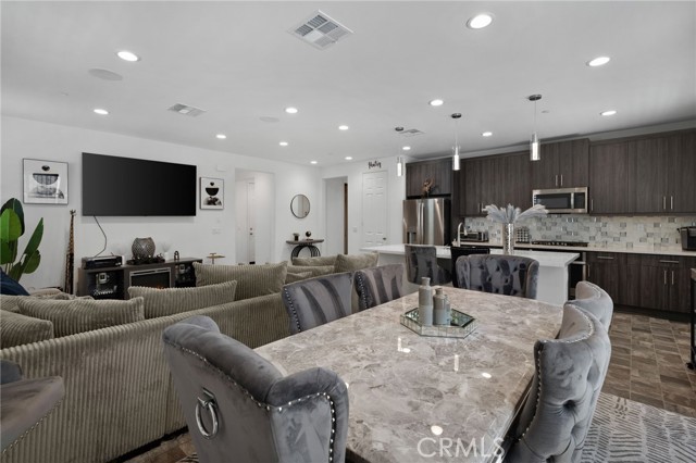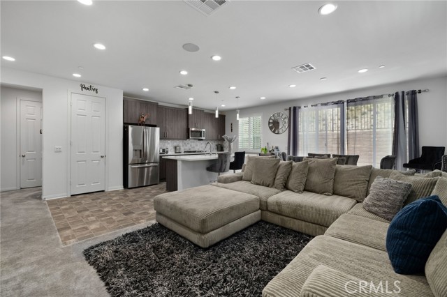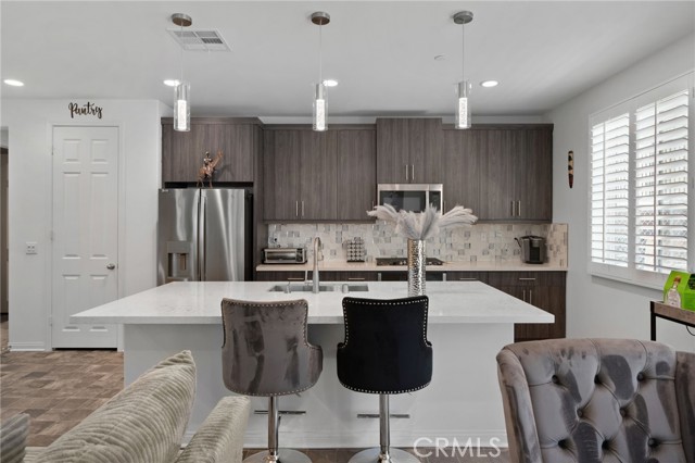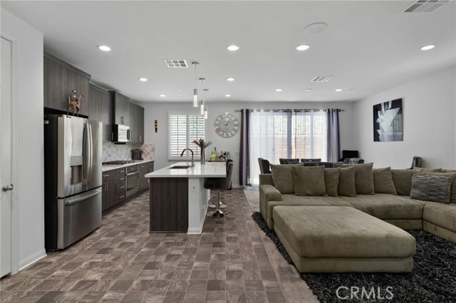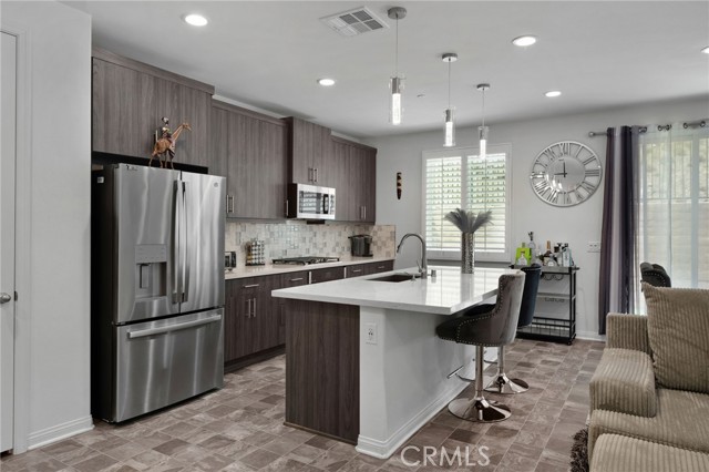 Discover this exquisite home nestled in the highly desirable Terramor gated community. This property offers a blend of modern comfort and luxury with its three spacious bedrooms and two full bathrooms. Enjoy the benefits of paid-off solar panels and a surround sound system is perfect for entertaining. Entertain effortlessly in this open floor plan including the kitchen with granite countertops, stainless steel appliances, a large center island with additional seating, and an abundance of upgraded cabinetry. The master bedroom includes a spacious suite with dual sinks, a large walk-in shower, and an expansive walk-in closet. Two additional bedrooms, a secondary bathroom, and a laundry room complete the interior. The backyard is meticulously landscaped for easy maintenance, offering a serene outdoor space without the hassle. Residents enjoy access to a clubhouse, resort-like pool, and numerous other amenities. Don’t miss this incredible opportunity! Schedule your private showing today and experience the elegance and comfort of this beautiful home.
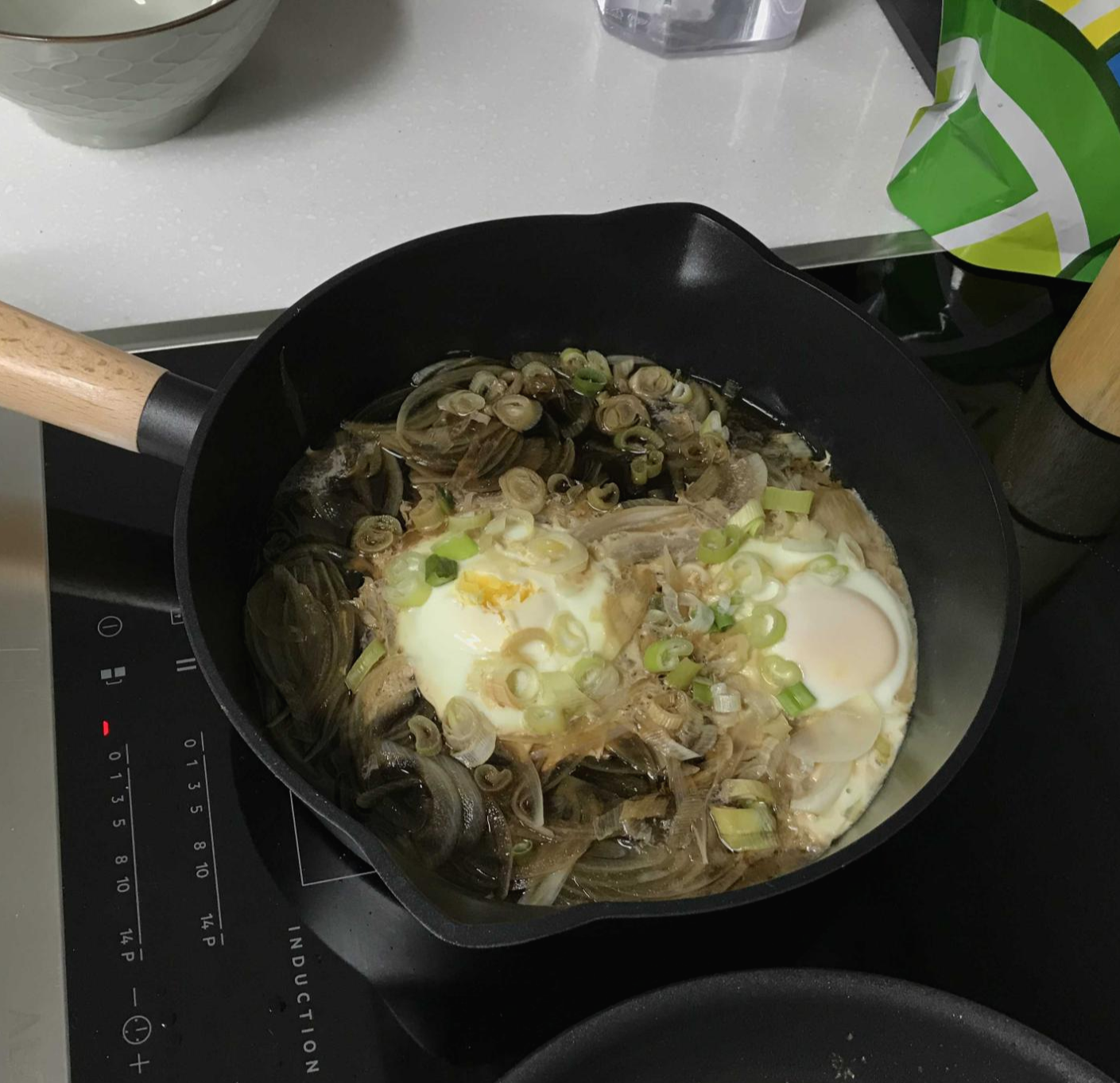 이렇게 만들었고요, 채 썬 양파와 대파, 계란 넣고 조려줬어요.
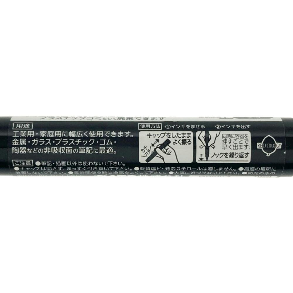 金属部品を使わず、プラスチックのみでできた油性ペイントマーカー。金属、ガラス、ゴム、陶器などにも塗料のように濃く鮮やかな発色。不透明、耐水性。
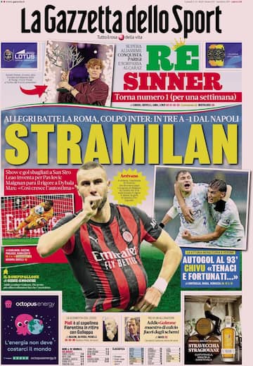 - 'Stramilan' titola La Gazzetta dello Sport celebrando il successo dei rossoneri sulla Roma che riavvicina la squadra di Allegri alla vetta. A San Siro decide una rete di Pavlovic, con Dybala che fallisce il rigore del possibile pareggio. In alto la vittoria parigina di Sinner, che permette a Jannik di tornare, almeno per una settimana, il numero uno al mondo

• [Work order] Leave out all pictures and extract exactly the lines from the line with "金属部品を使わず、プラスチッ" through the end of the material.

• [Answer to the problem]
 金属部品を使わず、プラスチックのみでできた油性ペイントマーカー。金属、ガラス、ゴム、陶器などにも塗料のように濃く鮮やかな発色。不透明、耐水性。
 - 'Stramilan' titola La Gazzetta dello Sport celebrando il successo dei rossoneri sulla Roma che riavvicina la squadra di Allegri alla vetta. A San Siro decide una rete di Pavlovic, con Dybala che fallisce il rigore del possibile pareggio. In alto la vittoria parigina di Sinner, che permette a Jannik di tornare, almeno per una settimana, il numero uno al mondo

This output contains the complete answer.